Just stop here if you have tickets to Rigoletto. If you plan to see it later in life I am sure you'll forget this blog post by then.
I went to Wikipedia the afternoon before I went to see Rigoletto and my eyes went to the words "when his daughter is murdered." Damn! Self-spoiled. I shut down Wikipedia immediately.
Then, during the opera, the daughter, Gilda, opened her mouth to sing, and I was horrified, because the singing was so gorgeous, and then she was going to be murdered any minute. So I spent the whole time poised for her murder (and there are many opportunities).
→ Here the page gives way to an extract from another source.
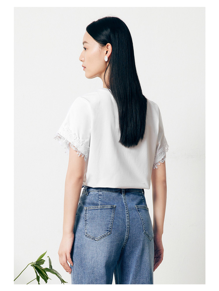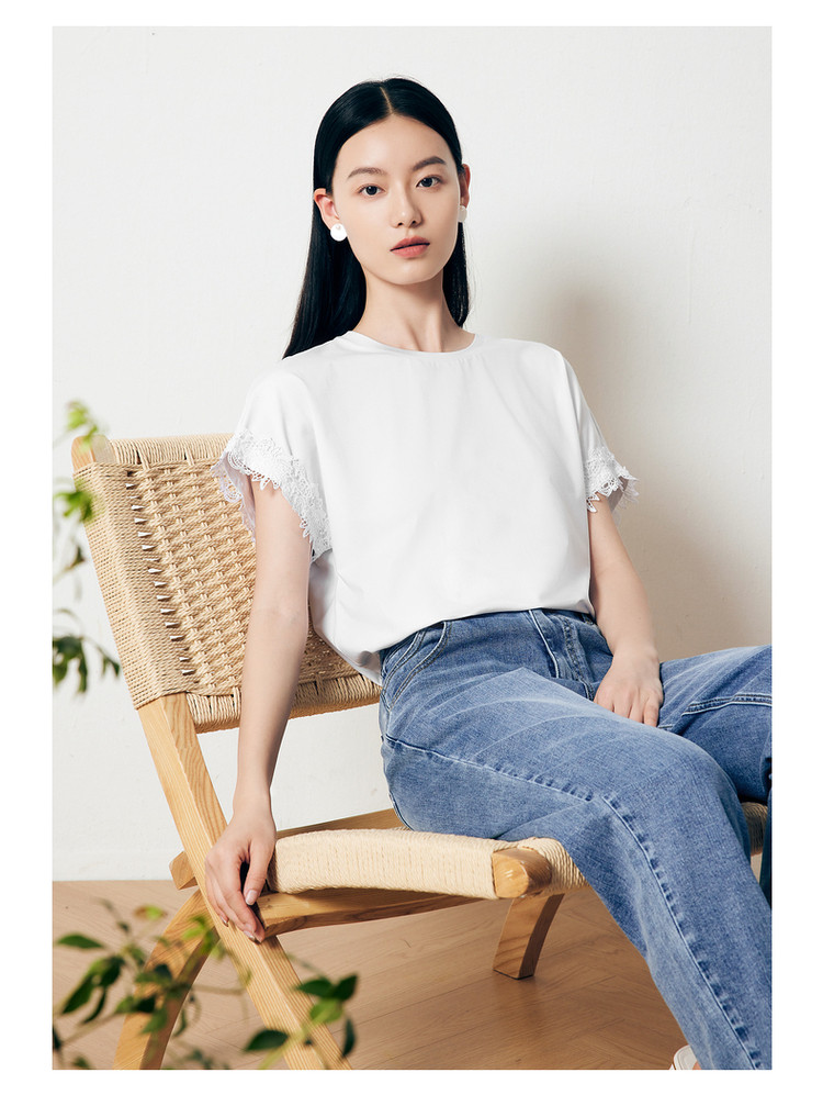 玖姿旗下安娜蔻系列轻熟休闲风直筒蕾丝纯色短袖套头T恤女夏季 440140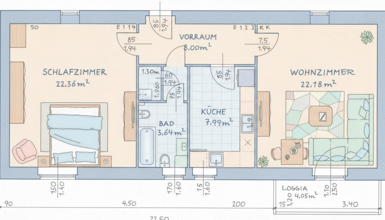 Der bestehende 2-Zimmer-Grundriss überzeugt durch klare, gut möblierbare Räume. Besonders attraktiv:

I should not have worried, because she is murdered in the penultimate scene, and then we discover she isn't quite dead yet and she almost sings the very last line.
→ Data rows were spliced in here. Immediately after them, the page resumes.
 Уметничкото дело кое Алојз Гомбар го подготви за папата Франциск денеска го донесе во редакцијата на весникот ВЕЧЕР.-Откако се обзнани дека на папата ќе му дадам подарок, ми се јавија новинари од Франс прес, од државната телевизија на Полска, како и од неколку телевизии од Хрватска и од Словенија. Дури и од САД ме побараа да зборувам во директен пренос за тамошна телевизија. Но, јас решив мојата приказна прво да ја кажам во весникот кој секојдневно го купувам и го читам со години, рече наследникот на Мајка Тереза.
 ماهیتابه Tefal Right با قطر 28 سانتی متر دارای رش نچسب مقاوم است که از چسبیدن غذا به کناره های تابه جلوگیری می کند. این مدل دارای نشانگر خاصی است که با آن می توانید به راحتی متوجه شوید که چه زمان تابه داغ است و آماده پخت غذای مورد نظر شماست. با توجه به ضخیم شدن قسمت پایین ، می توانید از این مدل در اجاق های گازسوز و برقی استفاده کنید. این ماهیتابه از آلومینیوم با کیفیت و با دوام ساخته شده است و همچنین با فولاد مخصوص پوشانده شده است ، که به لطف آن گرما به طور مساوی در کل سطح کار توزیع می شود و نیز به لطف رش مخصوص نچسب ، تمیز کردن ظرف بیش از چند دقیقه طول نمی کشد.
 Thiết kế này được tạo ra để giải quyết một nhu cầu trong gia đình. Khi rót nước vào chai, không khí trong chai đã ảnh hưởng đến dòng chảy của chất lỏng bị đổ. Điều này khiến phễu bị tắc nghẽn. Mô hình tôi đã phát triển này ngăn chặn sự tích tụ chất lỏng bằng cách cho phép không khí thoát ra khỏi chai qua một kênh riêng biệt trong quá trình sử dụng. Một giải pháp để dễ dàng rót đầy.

If she hadn't sung so well I would have wanted her dead long before then, because she is infuriatingly stupid. Falls in love with the Duke while he's impersonating a student. "I love him!" She continues being in love with him ("But ah luv him" she warbles incessantly) for the rest of the opera, even though he is proven to be a man whore who thinks women are fickle. (Fickle, as he sings in the aria everyone knows:
... which ends up being a satisfying plot point.)
As for plot: our Duke was hefty and our Gilda was wee, and there is no way Rigoletto could confuse one for the other, even if they were in a sack.
So, it's hard to say if I preferred Rigoletto to Marriage of Figaro. I preferred the singing in Rigoletto, but I didn't want to shake everyone in Marriage of Figaro.